Source records:
===

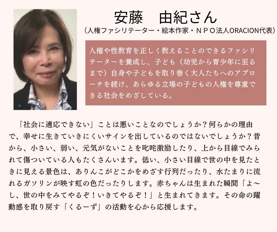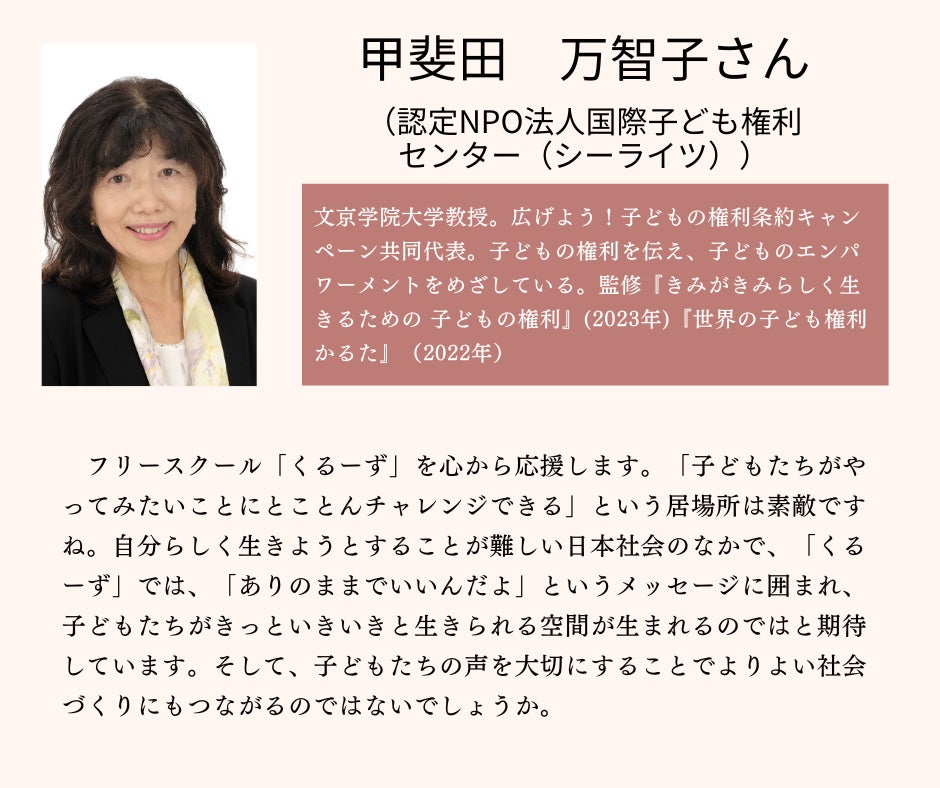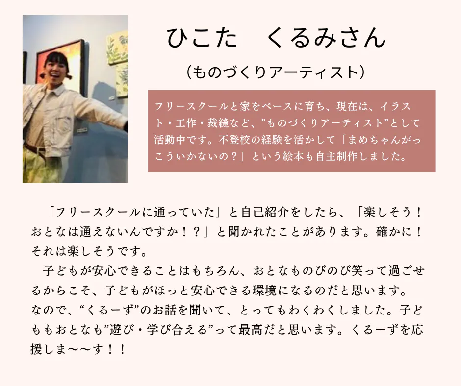 どんな子どもたちにもその子にあった安心の学びの場があり、選択できるだけの多様な場があることが望ましいと考えています。くるーずじゃなくてもいい。どうか身の周りの子どもたちひとりひとりを、どんな場にいても温かく見守り、応援してあげられる地域を一緒につくっていきましょう。
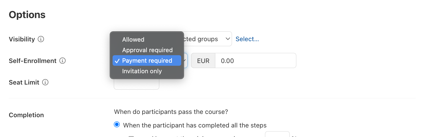 Wichtig: Klicken Sie oben links in das Kästchen: Bezahlte Kurse erlauben.
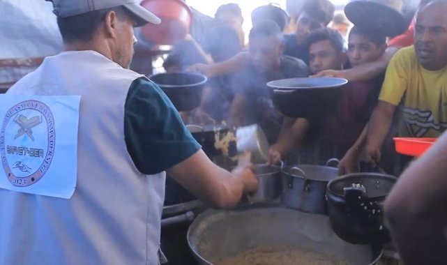 Afyonkarahisar'ın Bolvadin ilçesindeki hayırseverler, Yedi Başak İnsani Yardım Derneği ile İsrail zulmünün devam ettiği Gazze'ye ulaşarak halka sıcak yemek ikramı yaptı.
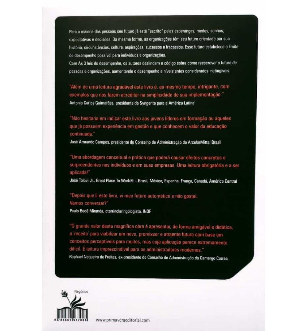 Livro As 3 Leis do Desempenho, uma publicação que apresenta por meio das experiências reais de projetos de consultoria corporativa, os autores formularam as leis que permitem ao leitor encontrar o caminho para reescrever o próprio futuro e o futuro da organização em que atua profissionalmente, produzindo níveis de desempenho e resultados antes considerados impossíveis de alcançar. Os casos reais que explicam e ensinam as três leis do desempenho envolvem empresas e seus contextos culturais na África do Sul, Brasil, Estados Unidos, Japão, Nova Zelândia e peru em grandes organizações e multinacionais, além de contar situações individuais.
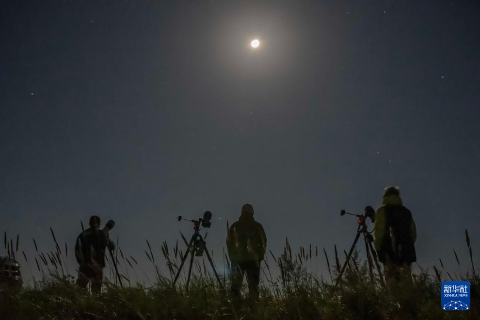 9月8日,在黑龙江省齐齐哈尔市,摄影爱好者在拍摄月食。
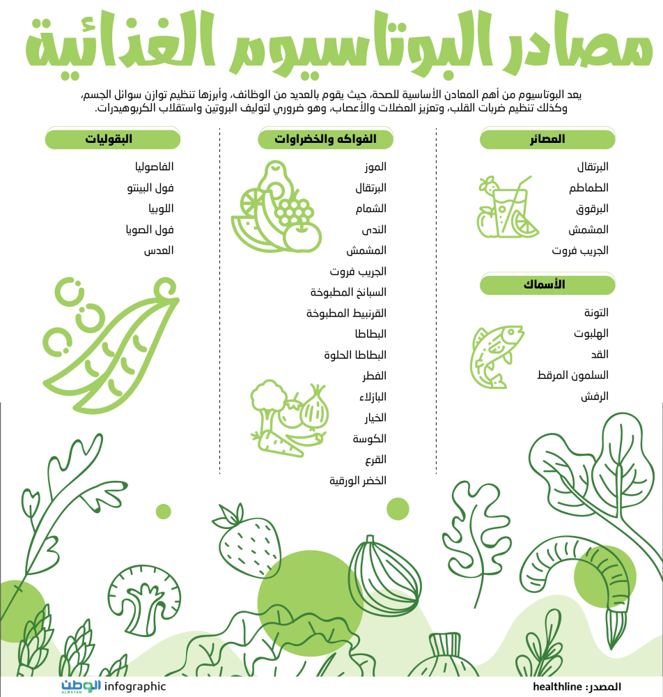 مصادر البوتاسيوم الغذائية
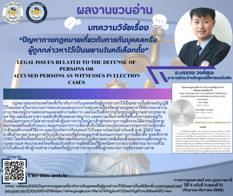 ปัญหาทางกฎหมายเกี่ยวกับการกันบุคคลหรือผู้ถูกกล่าวหาไว้เป็นพยานในคดีเลือกตั้ง
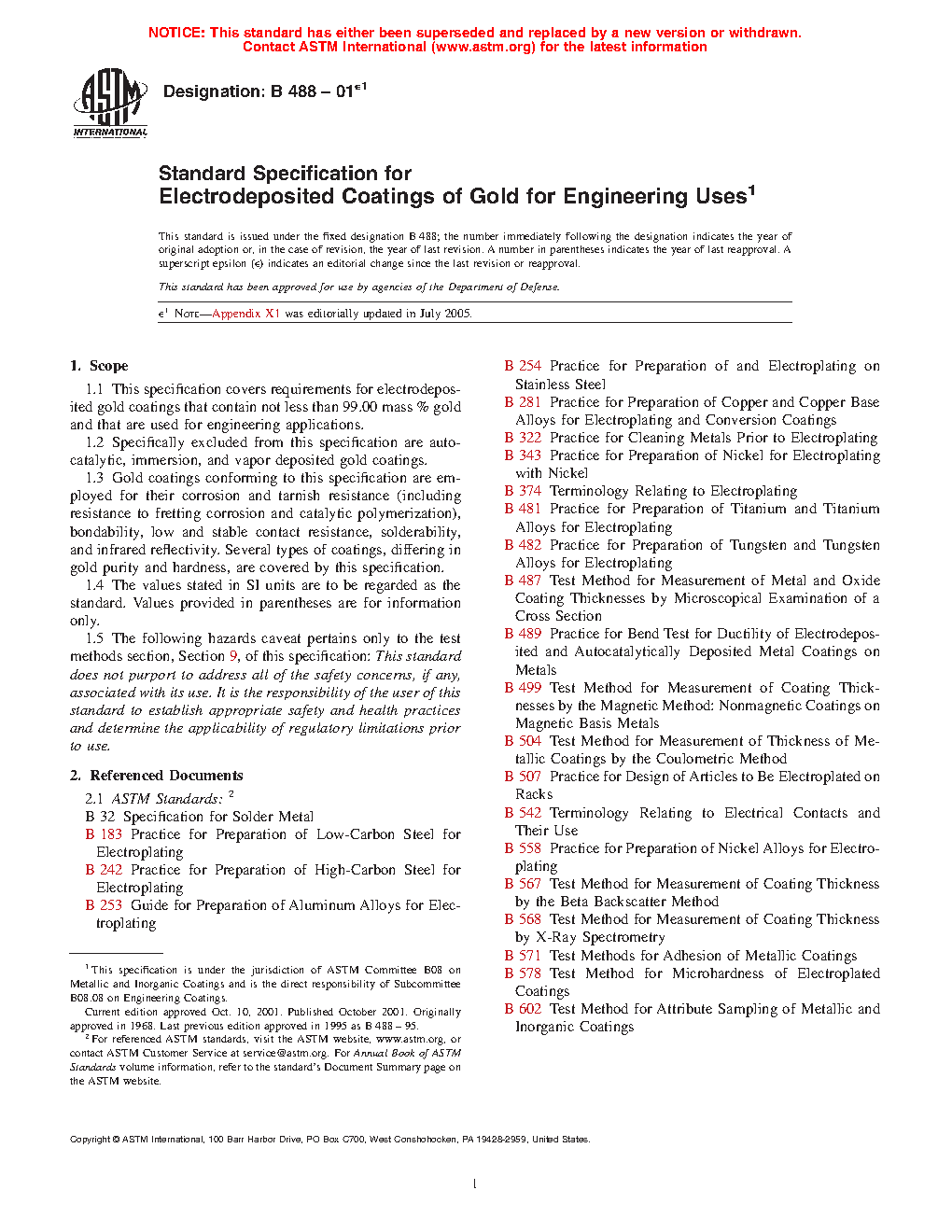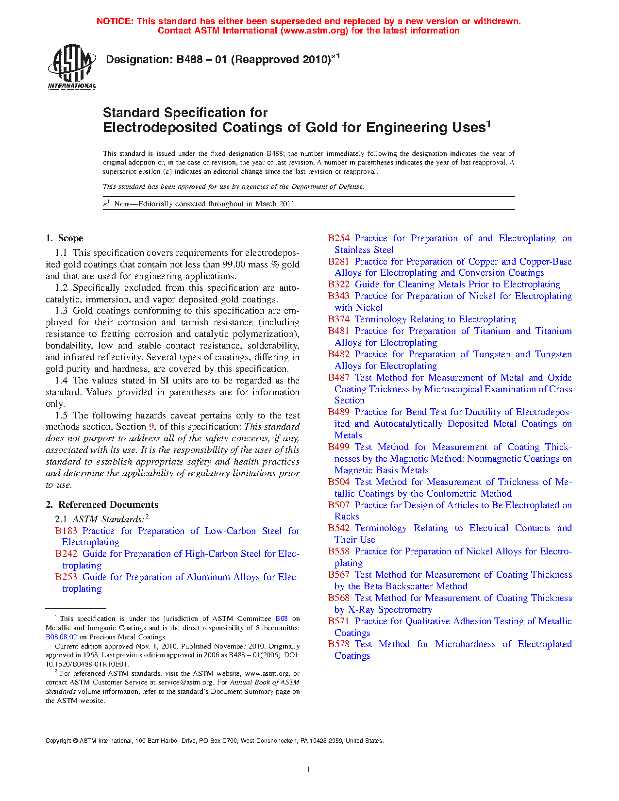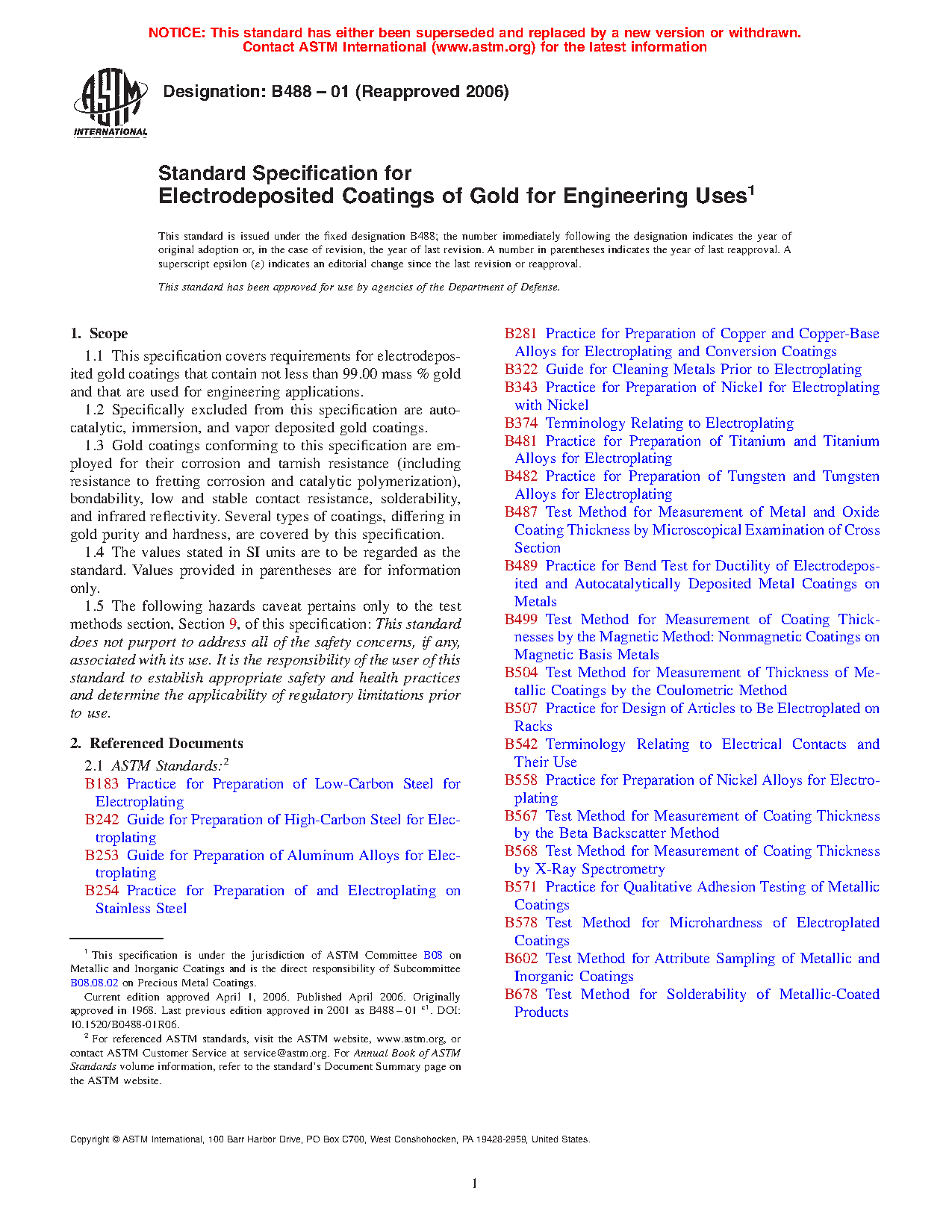 1.1 This specification covers requirements for electrodeposited gold coatings that contain not less than 99.00 mass % gold and that are used for engineering applications.
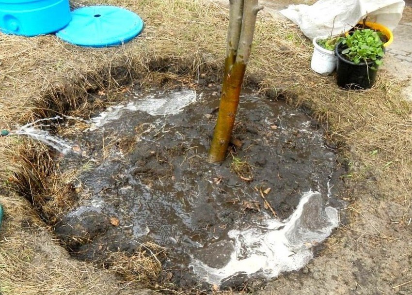 В лунку около ствола вливают воду до полного заполнения. После того, как вода впитается, поливают снова. Под каждое дерево выливают около 200 л. Такое хорошее увлажнение создаст хорошие условия для зимовки дерева.
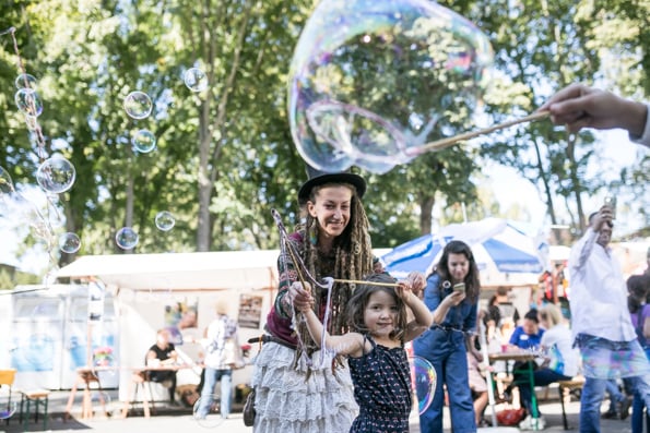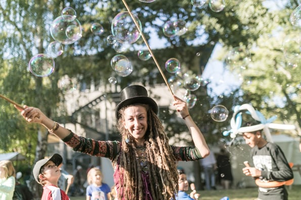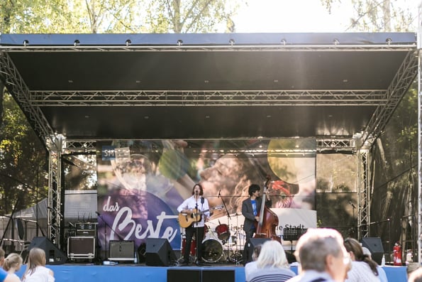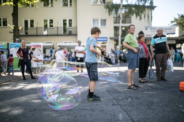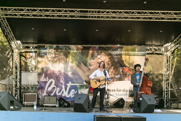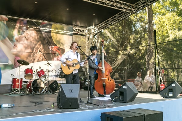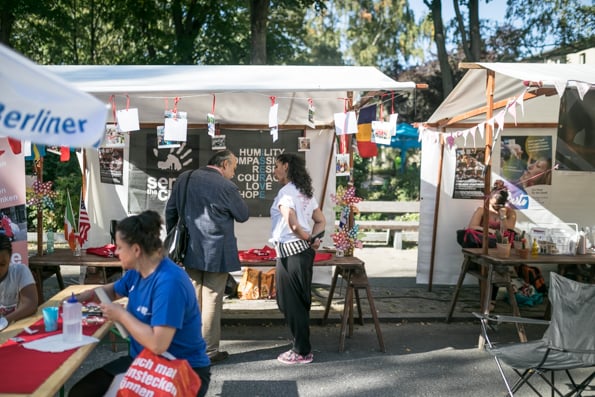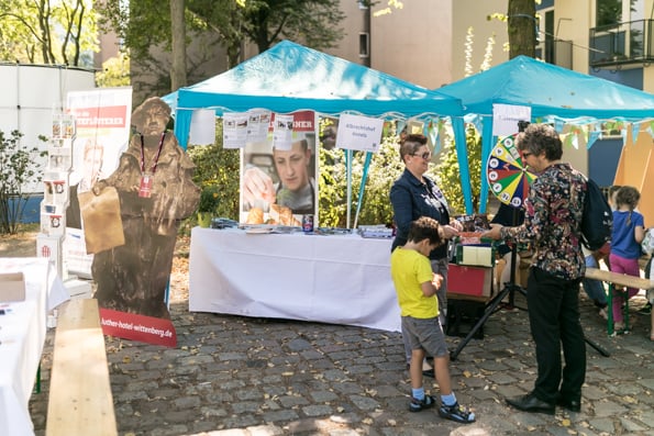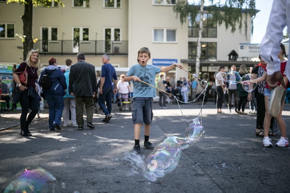 Die Sonne strahlte und die Besucher taten es ihr gleich. Um die 3.000 Menschen besuchten das Stadtmissionsfest am 9. September. Nach dem Startgottesdienst um 11 Uhr konnte man sich den ganzen Tag auf dem Gelände der Stadtmission in der Nähe des Berliner Hauptbahnhofs aufhalten, trödeln, Bogen schießen, eine Kirche aus Bausteinen bauen, Preise gewinnen, Musik hören, Artisten sehen usw.

===

_EXERCISE DIRECTIONS_
Starting with the first line of the data above and ending with the line containing "Afyonkarahisar'ın Bolvadin ilçesindeki", please restate every line exactly, leaving images out.

_TASK ANSWER_
 どんな子どもたちにもその子にあった安心の学びの場があり、選択できるだけの多様な場があることが望ましいと考えています。くるーずじゃなくてもいい。どうか身の周りの子どもたちひとりひとりを、どんな場にいても温かく見守り、応援してあげられる地域を一緒につくっていきましょう。
 Wichtig: Klicken Sie oben links in das Kästchen: Bezahlte Kurse erlauben.
 Afyonkarahisar'ın Bolvadin ilçesindeki hayırseverler, Yedi Başak İnsani Yardım Derneği ile İsrail zulmünün devam ettiği Gazze'ye ulaşarak halka sıcak yemek ikramı yaptı.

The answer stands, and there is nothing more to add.